TSJ: constitucionalidade só será julgada após referendo

A uma semana do referendo, Chávez intensificou a campanha pelo "sim". Ele anunciou ontem que, se a reforma for aprovada, a Petroleos de Venezuela S.A. (PDVSA) poderá entregar a operação de sua rede de postos de gasolina às comunas - centros comunitários que seriam submetidos diretamente ao Poder Executivo - com o lucro revertido para a população local. A PDVSA pode repassar também as redes de distribuição de combustível e de gás para veículos.

- Proponho que a PDVSA entregue isso às comunas para que sejam elas que administrem a distribuição do combustível. O excedente econômico ficaria para o poder popular, para que vocês possam, com isso, ir acumulando recursos para o investimento social - disse o presidente.

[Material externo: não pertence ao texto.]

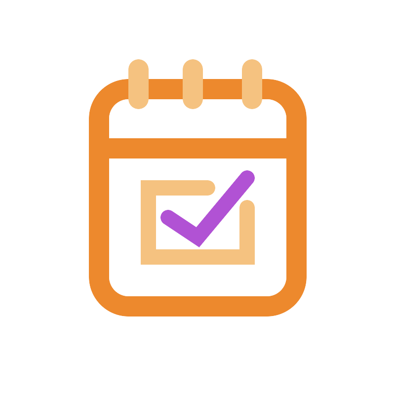 <svg width="800px" height="800px" viewBox="0 0 1024 1024" class="icon" version="1.1" xmlns="http://www.w3.org/2000/svg"><path d="M691.2 204.8H332.8a102.4 102.4 0 0 0-102.4 102.4v409.6a102.4 102.4 0 0 0 102.4 102.4h358.4a102.4 102.4 0 0 0 102.4-102.4V307.2a102.4 102.4 0 0 0-102.4-102.4z m-358.4 51.2h358.4a51.2 51.2 0 0 1 51.2 51.2v409.6a51.2 51.2 0 0 1-51.2 51.2H332.8a51.2 51.2 0 0 1-51.2-51.2V307.2a51.2 51.2 0 0 1 51.2-51.2z" fill="#ED892D" /><path d="M358.4 153.6a25.6 25.6 0 0 1 25.4208 22.6048L384 179.2v76.8a25.6 25.6 0 0 1-51.0208 2.9952L332.8 256V179.2a25.6 25.6 0 0 1 25.6-25.6zM499.2 153.6a25.6 25.6 0 0 1 25.4208 22.6048L524.8 179.2v76.8a25.6 25.6 0 0 1-51.0208 2.9952L473.6 256V179.2a25.6 25.6 0 0 1 25.6-25.6zM652.8 153.6a25.6 25.6 0 0 1 25.4208 22.6048L678.4 179.2v76.8a25.6 25.6 0 0 1-51.0208 2.9952L627.2 256V179.2a25.6 25.6 0 0 1 25.6-25.6z" fill="#F5C280" /><path d="M793.6 358.4v51.2H256v-51.2z" fill="#ED892D" /><path d="M537.6 467.2a19.2 19.2 0 0 1 2.6112 38.2208L537.6 505.6h-134.4v140.8h217.6V537.6a19.2 19.2 0 0 1 16.5888-19.0208L640 518.4a19.2 19.2 0 0 1 19.0208 16.5888l0.1792 2.6112v147.2h-294.4v-217.6H537.6z" fill="#F5C280" /><path d="M625.2544 448.512a19.2 19.2 0 0 1 31.1552 22.272l-1.664 2.304-139.0336 166.8608-91.1616-60.7744a19.2 19.2 0 0 1 18.816-33.3568l2.4832 1.408 62.4384 41.6 116.9664-140.3136z" fill="#B152D4" /></svg>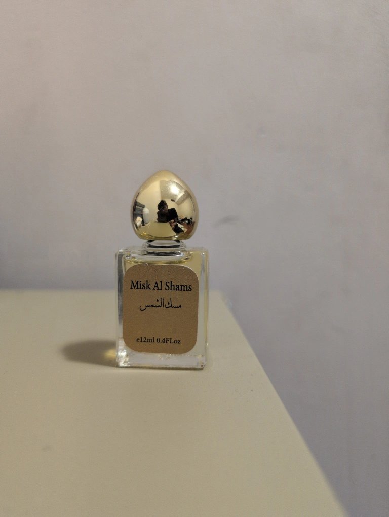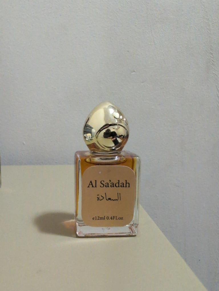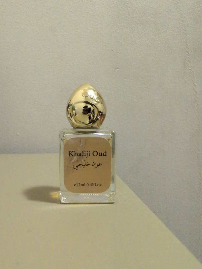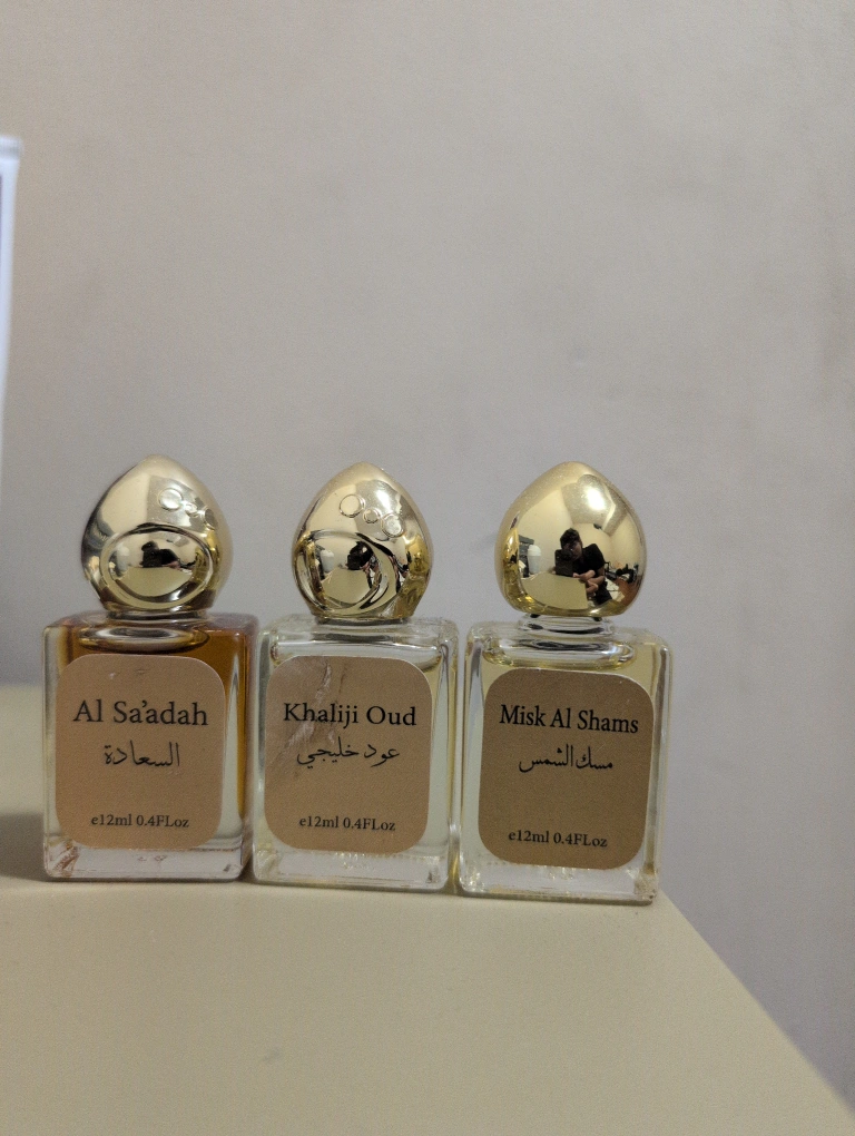 Set of three 12ml Arabian perfumes. Includes Al Saadah, Khaliji Oud, and Misk Al Shams. Small, elegant bottles with gold-coloured caps.

As comunas têm seu embrião nos conselhos comunitários, eleitos por moradores e que enviam pedidos de financiamento ao governo para projetos como reparo de estradas. Como parte da campanha de desenvolvimento social, o governo criou uma rede de 33 mil conselhos comunitários, e espera destinar US$4,2 bilhões em 2008 para financiar esses projetos. Os conselhos seriam a espinha dorsal das comunas.

- Estamos caminhando para o socialismo através do poder popular, conselhos comunitários e democracia direta - disse Chávez recentemente.

Críticos temem que as comunas suplantem prefeitos e governadores, únicos postos nos quais a oposição têm representação. A medida, no entanto, é popular em áreas carentes.

- Passamos 20 anos sem eletricidade - contou Aurelia Velasquez, em Buena Vista. - Estou feliz. O lampião enchia a minha casa de fumaça.

A intensificação da campanha do governo tem motivo. Segundo o diretor do Datanálisis, Luis Vicente León, a tendência a favor do "sim" mudou substancialmente nas últimas semanas devido, entre outros fatores, às manifestações estudantis e ao pronunciamento do general Raúl Isaías Baduel, ex-aliado de Chávez. Segundo as últimas pesquisas, diz León, Chávez enfrenta seu mais complicado cenário eleitoral até o momento.

Chávez mandou ontem "ao inferno" um grupo evangélico que chamou de herética a proposta de reforma e também criticou a Igreja por dizer que o projeto era "moralmente inaceitável":

- Te condeno ao inferno, líder farsante. Porque aqui está a proposta divina de Cristo, o redentor dos pobres.

Crise de abastecimento leva à compra de leite do Brasil

Enquanto isso, recursos contra o referendo têm sido recusados um após o outro. O Tribunal Supremo de Justiça (TSJ) chegou a recusar 16 ações somente na quinta-feira. Ontem, o TSJ decidiu que a legalidade do projeto de reforma constitucional só será julgada se o texto da reforma for aprovado no referendo. A decisão foi uma resposta à ação da Confederação de Profissionais Universitários da Venezuela e do Colégio de Advogados de Carabobo, segundo os quais as modificações propostas são tão amplas que seria necessário a convocação de uma Assembléia Constituinte. "Não é possível controlar a priori o conteúdo (do projeto)", justificou o juiz Arcadio Delgado na decisão.

Às vésperas do referendo, o governo promete melhorar o abastecimento de gêneros alimentícios. Desde domingo chegaram ao país 420 toneladas de leite do Brasil, e que ainda estão na alfândega. Nos próximos dias deve chegar à Venezuela leite também da Argentina. O país vive uma crise de abastecimento e, além do leite, faltam produtos como açúcar, peixe e azeite, enquanto outros, como arroz, farinha de trigo e macarrão são escassos. As lojas vendem apenas um quilo por pessoa.